题目链接:https://cn.vjudge.net/problem/HDU-5754
Bo is a “Life Winner”.He likes playing chessboard games with his girlfriend G.

The size of the chessboard is N×M.The top left corner is numbered(1,1) and the lower right corner is numberd (N,M).

For each game,Bo and G take turns moving a chesspiece(Bo first).At first,the chesspiece is located at (1,1).And the winner is the person who first moves the chesspiece to (N,M).At one point,if the chess can’t be moved and it isn’t located at (N,M),they end in a draw.

In general,the chesspiece can only be moved right or down.Formally,suppose it is located at (x,y),it can be moved to the next point (x′,y′)only if x′≥xand y′≥y.Also it can’t be moved to the outside of chessboard.
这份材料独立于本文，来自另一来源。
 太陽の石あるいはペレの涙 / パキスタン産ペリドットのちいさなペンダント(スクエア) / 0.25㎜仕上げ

Besides,There are four kinds of chess(They have movement rules respectively).

1.king.

2.rook(castle).

3.knight.

4.queen.

(The movement rule is as same as the chess.)

For each type of chess,you should find out that who will win the game if they both play in an optimal strategy.
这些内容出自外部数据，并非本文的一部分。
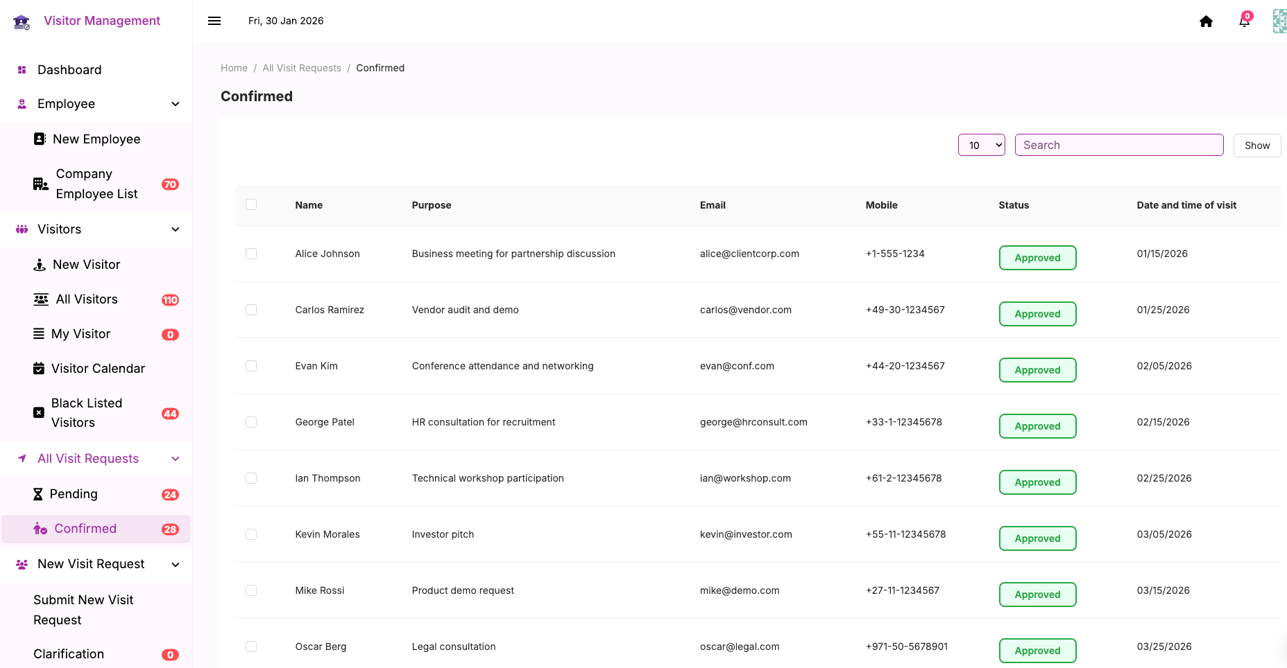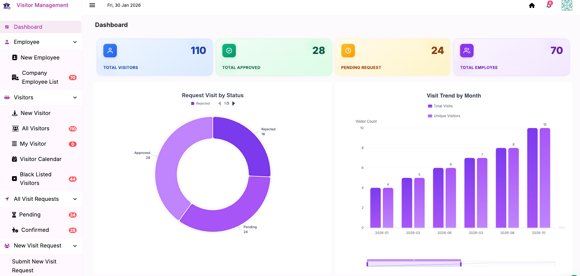 - Employee Access - Let employees view details of their scheduled visitors and track visit history

Print the winner’s name(“B” or “G”) or “D” if nobody wins the game. InputIn the first line,there is a number T

as a case number.

In the next T lines,there are three numbers type,N and M.

“type” means the kind of the chess.

T≤1000,2≤N,M≤1000,1≤type≤4

OutputFor each question,print the answer.
Sample Input
4
1 5 5
2 5 5
3 5 5
4 5 5
Sample OutputG
G
D
B
题意:给你一个n∗m的棋盘,然后给你4种棋子,分别是:
1.王:能横着走,或者竖着走,或者斜着走,每次可以走1格
2.车:可以横着走或者竖着走,每次可以走无数格
3.马:走日字形
4.王后:可以横着走,或者竖着走,或者斜着走,每次可以走无数格
所有棋子在走的时候只能向右或向下走,不可后退,谁先走到(n,m)点,谁赢.

思路:
王:打表找规律(n和m只要有一个是偶数,就是先手赢)(打表见最底下)
车:nim博弈
马:找规律 ,规律见该博客 https://blog.csdn.net/helloiamclh/article/details/52039236
王后:威佐夫博弈 https://blog.csdn.net/qq_41311604/article/details/79980882

大神题解
https://blog.csdn.net/kopyh/article/details/52046436

#include<cstdio>
#include<cmath>
#include<algorithm>
using namespace std;
int main(){
 int T,q,n,m;
 scanf("%d",&T);
 while(T--){
  scanf("%d%d%d",&q,&n,&m);
  if(q==1){
   if(n%2==0||m%2==0) printf("B\n");
   else printf("G\n");
  }
  else if(q==2){
   int k=0;
   k^=(n-1);
   k^=(m-1);
   if(k==0) printf("G\n");
   else printf("B\n");
  }
  else if(q==3){
   if((n+m-2)%3!=0) printf("D\n");
   else{
    int r=(2*m-n-1)/3,c=(2*n-m-1)/3;
    if(abs(r-c)>=2) printf("D\n");
    else if(abs(r-c)==1) printf("B\n");
    else printf("G\n");
   }
  }
  else if(q==4){
   n--,m--;
   if(n<m) swap(n,m);
   int k=n-m;
   n=(int)(k*(1+sqrt(5.0))/2);
   if(n==m) printf("G\n");
   else printf("B\n");
  }
 }
 return 0;
}

王打表
打表代码

#include<cstdio>
#include<cstring>
#include<algorithm>
using namespace std;
int sg[15][15];
int n,m;
int getsg(int x,int y){
 if(sg[x][y]!=-1) return sg[x][y];
 if(x==n&&y==m) return sg[x][y]=0;
 bool vis[15];
 memset(vis,0,sizeof(vis));
 for(int i=1;i<=3;i++){
  if(x+1<=n&&y<=m){
   sg[x+1][y]=getsg(x+1,y);
   vis[sg[x+1][y]]=true;
  }  
  if(x<=n&&y+1<=m){
   sg[x][y+1]=getsg(x,y+1);
   vis[sg[x][y+1]]=true;
  }  
  if(x+1<=n&&y+1<=m){
   sg[x+1][y+1]=getsg(x+1,y+1);
   vis[sg[x+1][y+1]]=true;
  } 
 }
 for(int i=0;;i++){
  if(!vis[i]) return sg[x][y]=i;
 }
}
int main(){
 printf(" ");
 for(int i=2;i<=10;i++){
  printf("%3d",i);
 }
 printf("\n");
 for(n=2;n<=10;n++){
  printf("%3d",n);
  for(m=2;m<=10;m++){
   memset(sg,-1,sizeof(sg));
   int a=getsg(1,1);
   printf("%3d",a);
  }
  printf("\n");
 }
 return 0;
}